Professor Pausch's lecture was filled with humor, common sense acceptance, challenges to the audience and a dismissal of any maudlin tendencies. "To those who might expect me to be sad, angry or resentful," I paraphrase, "I'm sorry to disappoint you." Then for one hour and a quarter, Randy walked through highlights in his life to help us see how wisdom can be gathered if one lives with full attention, gratitude and steady curiosity. And by the way, Randy was a Unitarian Universalist.

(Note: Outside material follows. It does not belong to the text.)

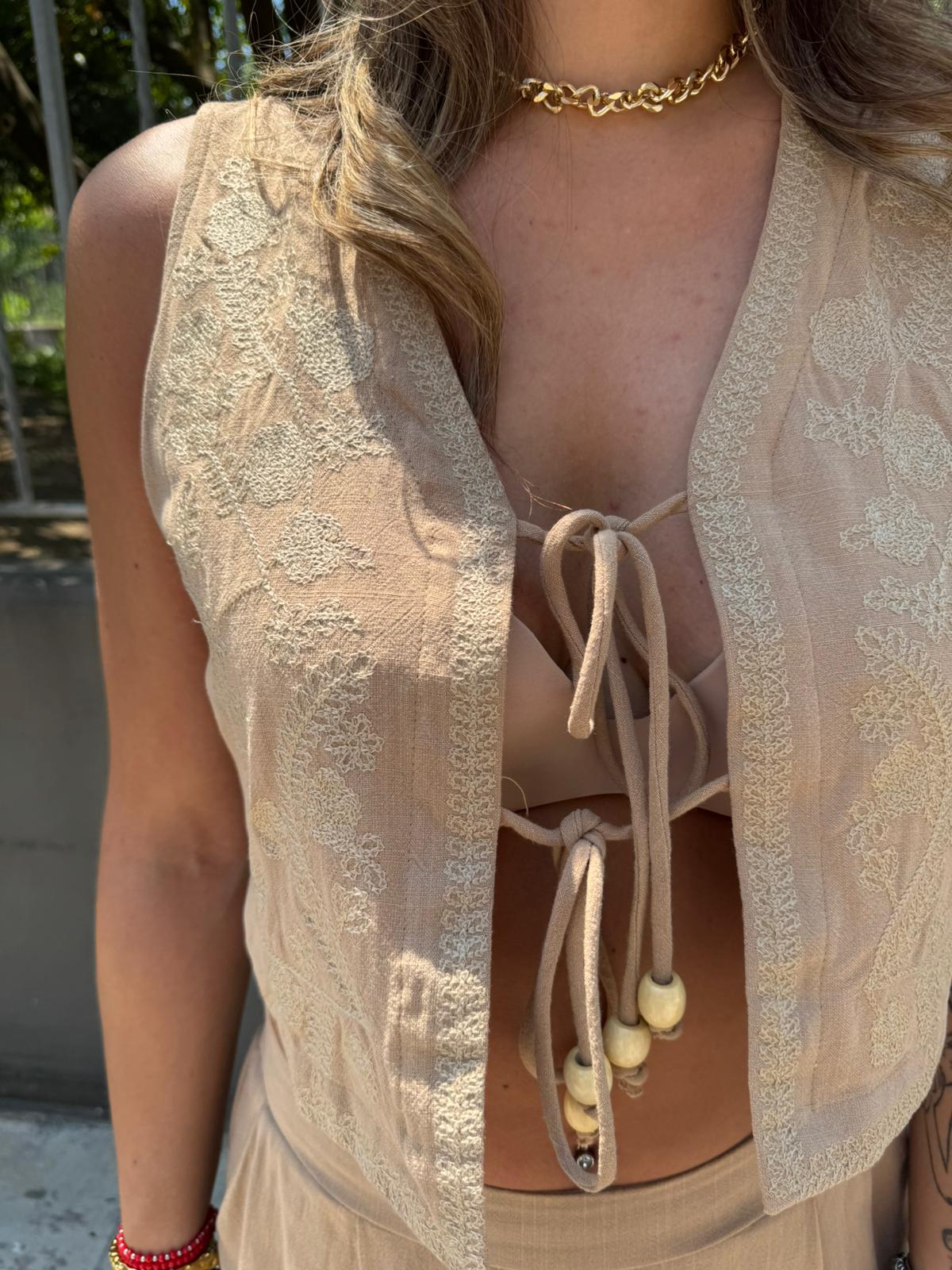 Coordinato 2 pezzi effetto lino con gilet particolare

Here are some of the pearls of wisdom he offered, not just to the folk listening, but in his mind as a gift to his children.3

When considering all that is going on in the world, it is easy to feel overwhelmed—easy to assume that one life cannot make a difference. We witness manipulation, ignorance, deceit, fear and power mongering on massive scales and wonder whether, in fact, we are, as a species, beyond redemption. What has happened to us? Why can't we see the blessed gesture of creation of which we are a part?

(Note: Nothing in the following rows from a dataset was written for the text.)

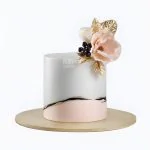 Одноярусный свадебный торт серебристый с розой и золотыми лепестками
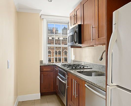 Welcome to this oversized prewar one-bedroom, a home that perfectly blends timeless character with modern updates. High beamed ceilings, expansive windows, and excellent proportions create a sense of openness and light, while city views frame the living space with classic New York charm.
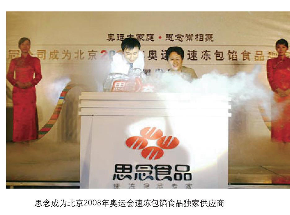 思念食品,注定成为中国速冻食品业耀眼的一匹黑马。2006年8月思念在新加坡交易所主板成功挂牌上市,成为国内第一家上市的速冻企业。在2008年北京奥运会的盛宴中,以独辟蹊径的方式成了“北京2008奥运会速冻包馅食品独家供应商”,把中国的饺子推向了世界。
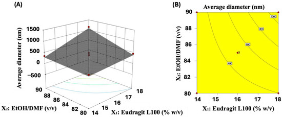 The influence of the variables on the average fiber diameter is depicted in a two-dimensional graph (Figure S1, Supplementary Material). Both variables X1 and X2 show a similar impact on the response. Decreasing the copolymer concentration and decreasing the amount of EtOH in the Eudragit L100 solution contribute to a reduction in fiber diameter. These trends are observed in Figure S1, where mean fiber diameters ranging from 259 to 1152 nm are observed (Table 2). Assay 1 (X1 = 14% w/v and X2 = 80/20 v/v) yields the thinnest fibers with a diameter of 259 nm, while assay 3 (X1 = 18% w/v and X2 = 90/10 v/v) produces the largest fibers with a mean diameter of 1152 nm (Table 2). These findings align with the previous discussions, emphasizing that decreasing Eudragit L100 concentration and adjusting the EtOH amount are desirable to obtain thinner fibers.

Change the angle of your view, just a hair, and you will see the possibility of healing. You can keep an eye on how we go astray while setting your sights on the beauty within. It is called hope and it can be made manifest.

There is a guiding list inside of you, ever growing, ever refining as you live your life. It is ready for your awareness. There is room in your life for its wisdom.

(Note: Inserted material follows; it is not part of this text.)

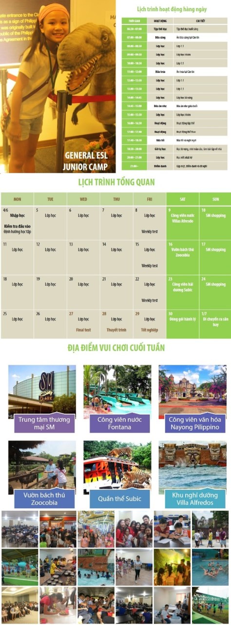 Hàng ngày, học viên sẽ có 4 lớp học 1:1 tập trung vào 4 kỹ năng chính (Nghe, Nói, Đọc, Viết) và 2 lớp học nhóm 1:4 để vận dụng các kỹ năng Tiếng Anh đã học dựa trên các hoạt động trong lớp. Bên cạnh đó, học viên có thêm các hoạt động nhóm lớn: Chơi thể thao, Học hát – nhảy, Thuyết trình, Các trò chơi tập thể… và các giờ tự học buổi tối (có hỗ trợ từ giáo viên) để tăng cường, bổ trợ thêm kiến thức. Mỗi buổi sáng, học viên sẽ bắt đầu ngày học với lớp Morning Reading Class (rèn luyện kỹ năng đọc và nghe). Vào thứ 6 mỗi tuần học, học viên sẽ có bài kiểm tra đánh giá năng lực và phiếu đánh giá kết quả học tập từ thầy cô giáo. Cuối mỗi tuần, chương trình sẽ tổ chức cho học viên các hoạt động ngoài trời: Thăm quan công viên hải dương, Vui chơi tại công viên nước, Khám phá vườn bách thú… để giải trí và có những trải nghiệm quốc tế tại Philippines.

To paraphrase Sweet Honey 'n' the Rock. You are the person you've been waiting for. Defy the despair and brave the world of your highest ideals. Be that guide.

Thank you for living some of them out here, in this community. Our good senses will strengthen one another.

Blessings be. Amen.

Sources

  1. www.beyondthe11th.org.
  2. Telushkin, Joseph. The Ten Commandments of Character. p. 26-27. Harmony/Bell Tower. 2003.
  3. www.youtube.com.

Copyright © 2008 Lisa Ward. All Rights Reserved.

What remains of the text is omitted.